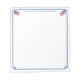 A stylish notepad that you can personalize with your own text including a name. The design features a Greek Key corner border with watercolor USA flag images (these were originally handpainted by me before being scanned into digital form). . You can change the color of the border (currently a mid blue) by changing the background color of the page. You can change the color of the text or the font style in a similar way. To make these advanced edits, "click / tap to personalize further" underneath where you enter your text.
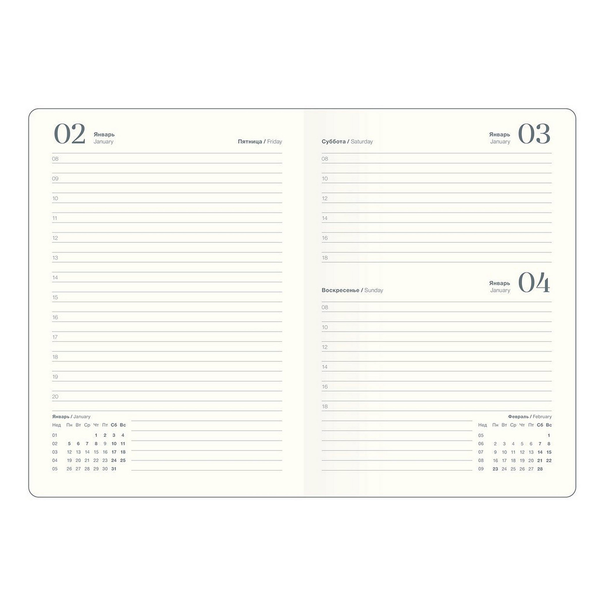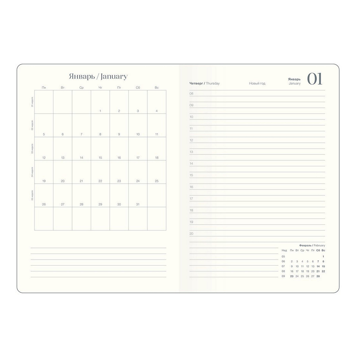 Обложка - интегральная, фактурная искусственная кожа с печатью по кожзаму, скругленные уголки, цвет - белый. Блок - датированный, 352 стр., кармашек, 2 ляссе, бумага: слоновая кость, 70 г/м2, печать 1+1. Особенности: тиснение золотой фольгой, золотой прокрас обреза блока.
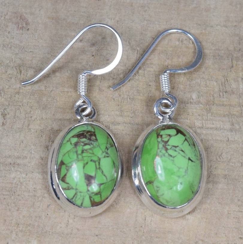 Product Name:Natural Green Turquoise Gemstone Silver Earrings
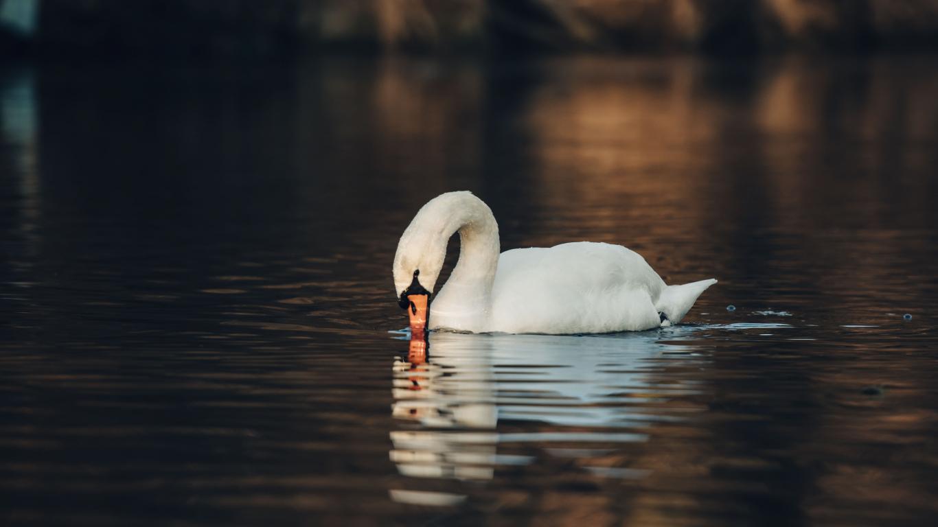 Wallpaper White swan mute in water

■ ■ ■ ■

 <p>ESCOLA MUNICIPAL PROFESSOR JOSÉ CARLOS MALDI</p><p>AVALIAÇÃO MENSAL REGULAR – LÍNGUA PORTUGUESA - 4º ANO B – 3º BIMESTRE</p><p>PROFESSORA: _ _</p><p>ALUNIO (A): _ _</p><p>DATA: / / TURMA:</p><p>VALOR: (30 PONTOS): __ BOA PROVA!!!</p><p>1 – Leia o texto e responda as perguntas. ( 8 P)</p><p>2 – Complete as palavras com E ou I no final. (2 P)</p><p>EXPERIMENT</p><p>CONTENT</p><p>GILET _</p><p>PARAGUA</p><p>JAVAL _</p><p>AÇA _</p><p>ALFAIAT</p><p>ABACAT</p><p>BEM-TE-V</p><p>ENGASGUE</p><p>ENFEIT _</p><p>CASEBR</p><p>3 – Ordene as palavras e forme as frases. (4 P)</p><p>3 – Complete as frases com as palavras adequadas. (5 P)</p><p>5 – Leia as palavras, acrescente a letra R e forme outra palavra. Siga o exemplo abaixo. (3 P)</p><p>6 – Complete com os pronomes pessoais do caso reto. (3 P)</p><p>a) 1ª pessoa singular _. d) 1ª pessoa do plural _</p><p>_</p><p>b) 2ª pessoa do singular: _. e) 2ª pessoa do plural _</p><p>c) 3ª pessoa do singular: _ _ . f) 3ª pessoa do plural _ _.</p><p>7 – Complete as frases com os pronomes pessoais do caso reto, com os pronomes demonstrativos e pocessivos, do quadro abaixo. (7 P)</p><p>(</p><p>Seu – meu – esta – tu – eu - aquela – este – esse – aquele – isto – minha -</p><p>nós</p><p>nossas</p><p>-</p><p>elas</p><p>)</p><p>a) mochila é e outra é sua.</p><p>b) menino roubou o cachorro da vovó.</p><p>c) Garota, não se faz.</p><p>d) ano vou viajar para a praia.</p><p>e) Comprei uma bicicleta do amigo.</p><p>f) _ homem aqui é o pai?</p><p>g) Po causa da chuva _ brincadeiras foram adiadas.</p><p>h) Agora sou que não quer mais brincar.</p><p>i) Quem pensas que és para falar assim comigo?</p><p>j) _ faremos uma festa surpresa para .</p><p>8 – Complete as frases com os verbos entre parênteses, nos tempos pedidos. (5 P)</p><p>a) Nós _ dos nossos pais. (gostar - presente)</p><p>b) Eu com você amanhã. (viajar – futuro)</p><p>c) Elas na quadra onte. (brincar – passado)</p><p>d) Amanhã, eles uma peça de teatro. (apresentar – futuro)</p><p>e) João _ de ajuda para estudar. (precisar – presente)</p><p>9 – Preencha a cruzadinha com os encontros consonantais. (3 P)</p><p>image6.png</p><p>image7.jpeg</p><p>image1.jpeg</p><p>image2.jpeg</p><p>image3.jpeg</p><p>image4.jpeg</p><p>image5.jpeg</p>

■ ■ ■ ■

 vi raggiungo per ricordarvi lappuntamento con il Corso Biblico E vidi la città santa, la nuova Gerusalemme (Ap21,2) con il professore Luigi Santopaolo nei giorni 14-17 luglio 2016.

■ ■ ■ ■

How to complete this task
Starting at the line above that holds "A stylish notepad", return each line up to and including the one that holds "Wallpaper White swan mute in water", exactly as written, minus any pictures.

Exercise output
 A stylish notepad that you can personalize with your own text including a name. The design features a Greek Key corner border with watercolor USA flag images (these were originally handpainted by me before being scanned into digital form). . You can change the color of the border (currently a mid blue) by changing the background color of the page. You can change the color of the text or the font style in a similar way. To make these advanced edits, "click / tap to personalize further" underneath where you enter your text.
 Обложка - интегральная, фактурная искусственная кожа с печатью по кожзаму, скругленные уголки, цвет - белый. Блок - датированный, 352 стр., кармашек, 2 ляссе, бумага: слоновая кость, 70 г/м2, печать 1+1. Особенности: тиснение золотой фольгой, золотой прокрас обреза блока.
 Product Name:Natural Green Turquoise Gemstone Silver Earrings
 Wallpaper White swan mute in water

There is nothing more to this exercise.